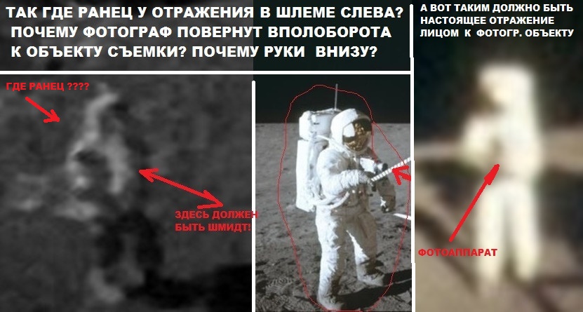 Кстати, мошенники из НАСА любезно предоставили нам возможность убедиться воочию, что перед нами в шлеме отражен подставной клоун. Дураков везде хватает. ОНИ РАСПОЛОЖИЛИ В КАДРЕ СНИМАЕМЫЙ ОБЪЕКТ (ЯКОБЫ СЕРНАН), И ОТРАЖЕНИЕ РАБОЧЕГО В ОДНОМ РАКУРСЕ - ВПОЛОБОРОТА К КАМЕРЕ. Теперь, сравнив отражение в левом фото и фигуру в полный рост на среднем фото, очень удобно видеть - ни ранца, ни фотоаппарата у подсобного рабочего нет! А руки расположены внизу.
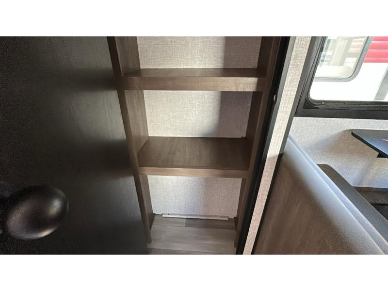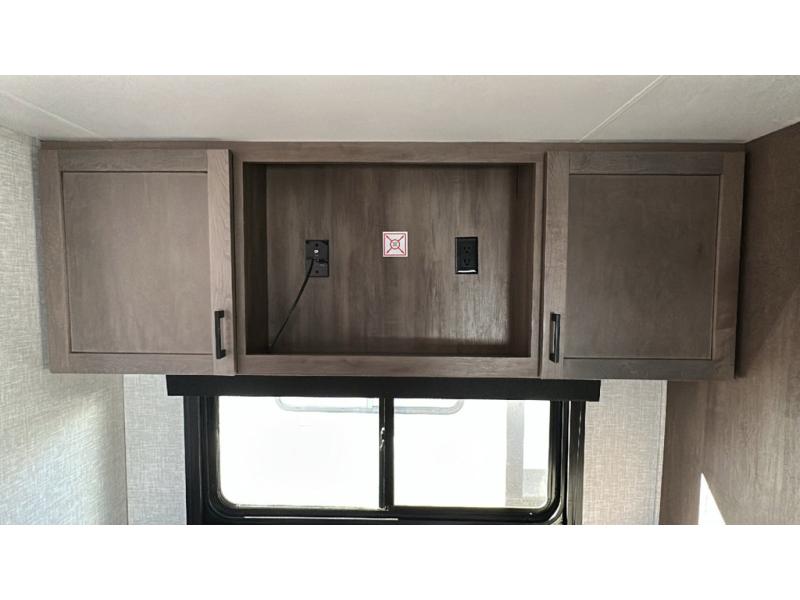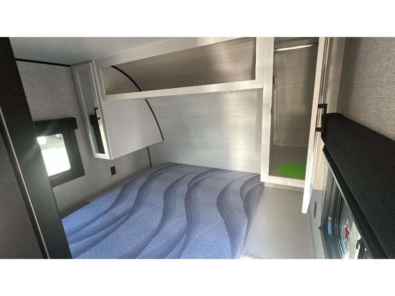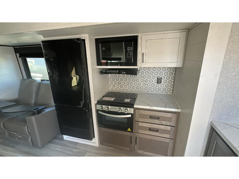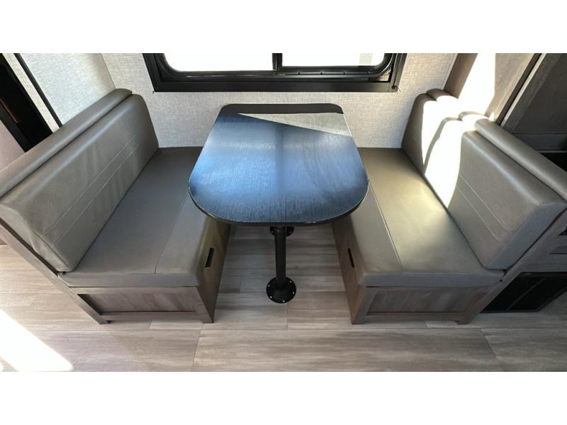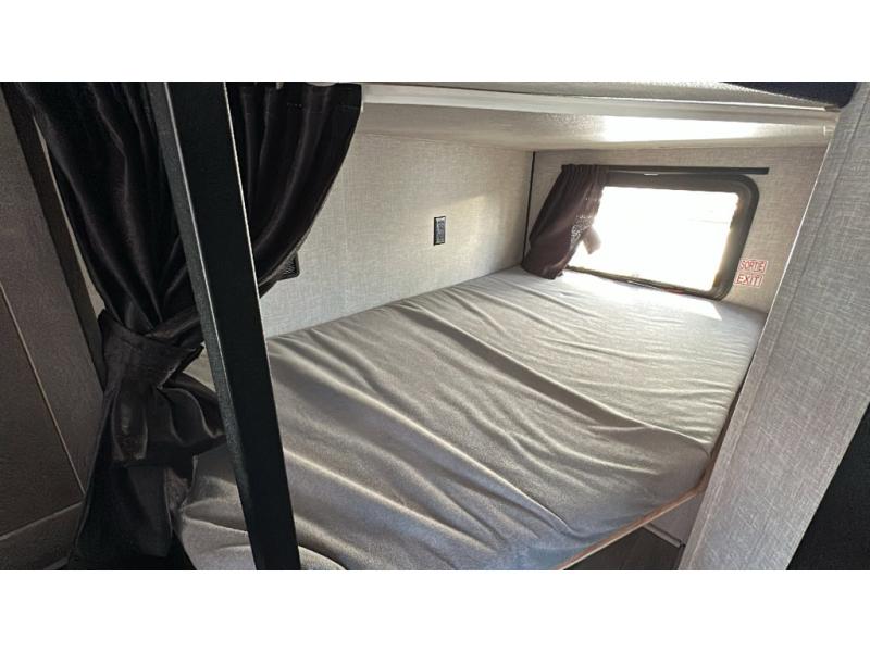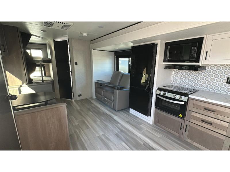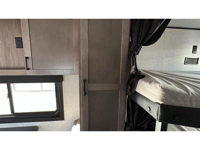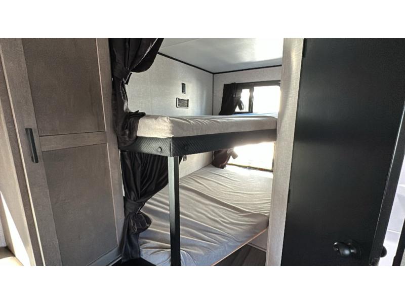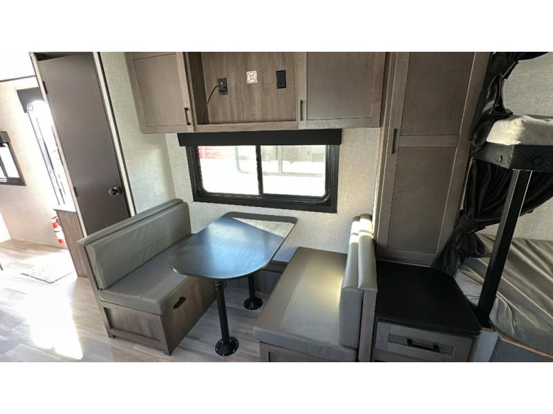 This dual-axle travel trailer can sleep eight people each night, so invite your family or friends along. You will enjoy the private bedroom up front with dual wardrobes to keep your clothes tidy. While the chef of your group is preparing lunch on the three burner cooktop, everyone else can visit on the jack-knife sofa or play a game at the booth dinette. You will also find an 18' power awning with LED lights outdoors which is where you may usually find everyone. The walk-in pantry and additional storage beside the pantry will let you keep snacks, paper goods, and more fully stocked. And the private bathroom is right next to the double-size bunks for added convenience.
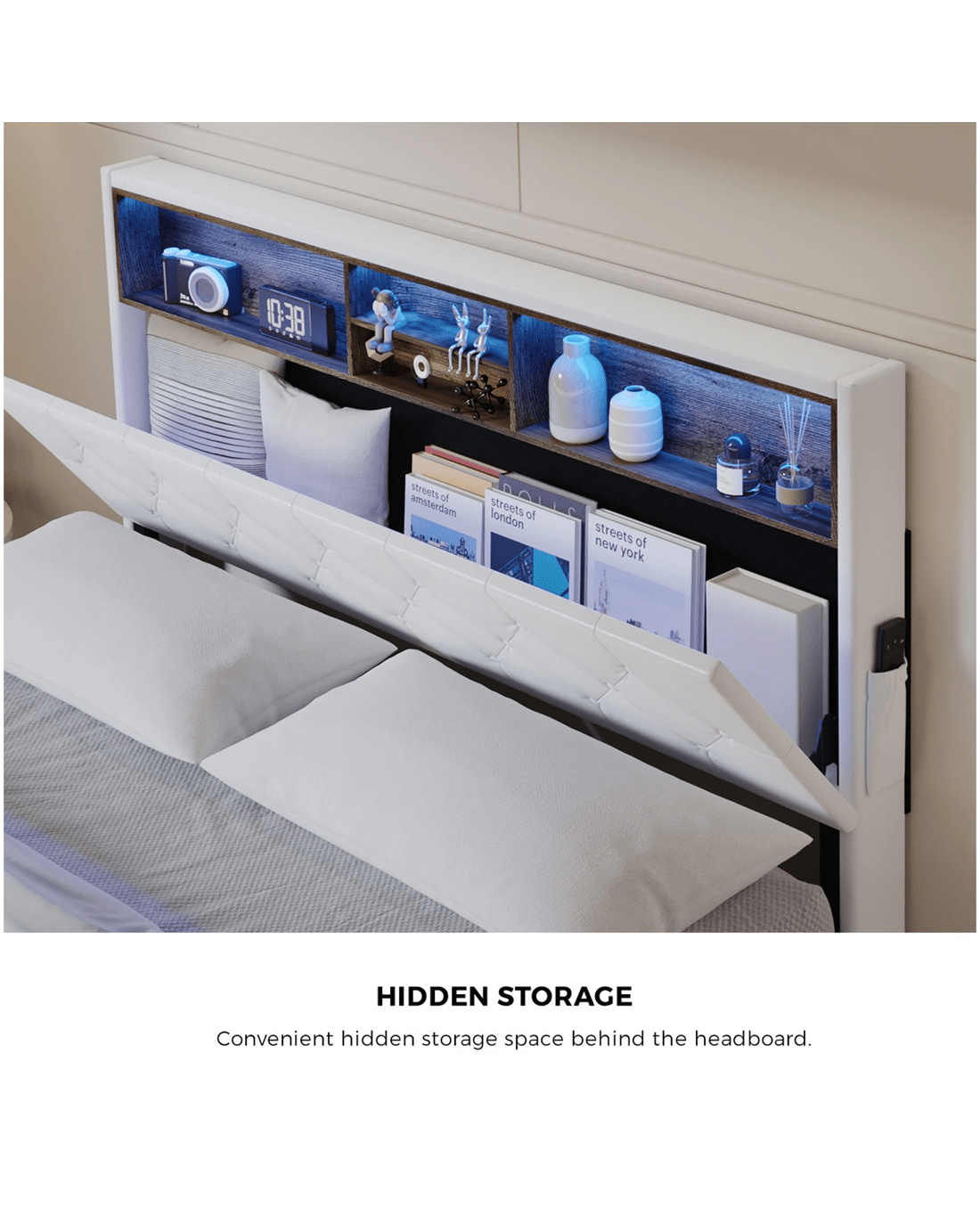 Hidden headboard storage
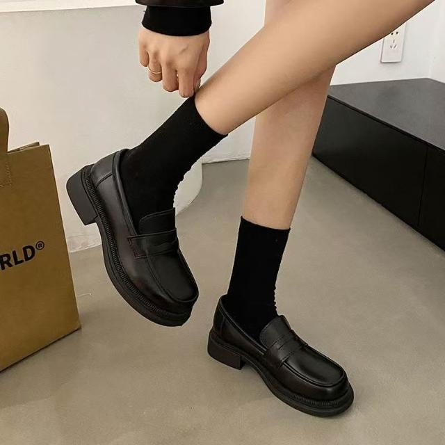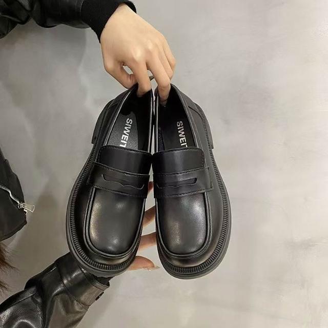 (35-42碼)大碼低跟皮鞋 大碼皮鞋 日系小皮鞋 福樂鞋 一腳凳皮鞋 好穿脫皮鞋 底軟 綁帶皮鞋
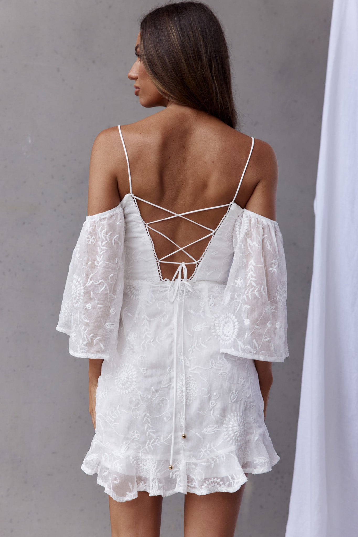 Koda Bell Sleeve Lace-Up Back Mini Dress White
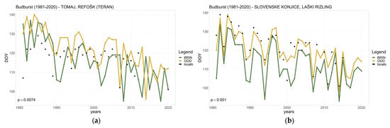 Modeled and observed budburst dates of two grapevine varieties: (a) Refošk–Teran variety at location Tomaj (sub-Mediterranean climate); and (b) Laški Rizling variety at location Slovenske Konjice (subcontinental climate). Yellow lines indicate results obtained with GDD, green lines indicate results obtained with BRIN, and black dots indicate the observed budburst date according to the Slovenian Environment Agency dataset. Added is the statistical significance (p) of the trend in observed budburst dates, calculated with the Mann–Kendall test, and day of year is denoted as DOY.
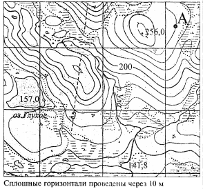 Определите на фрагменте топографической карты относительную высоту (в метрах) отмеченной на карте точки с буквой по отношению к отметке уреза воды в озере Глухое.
-*-
**YOUR TASK:** Look above for the line with "(35-42碼)大碼低跟皮鞋 大碼皮鞋 日系小皮鞋" and the line with "Koda Bell Sleeve", then restate exactly those two lines and all lines between them, with no pictures.

**EXERCISE ANSWER:**
 (35-42碼)大碼低跟皮鞋 大碼皮鞋 日系小皮鞋 福樂鞋 一腳凳皮鞋 好穿脫皮鞋 底軟 綁帶皮鞋
 Koda Bell Sleeve Lace-Up Back Mini Dress White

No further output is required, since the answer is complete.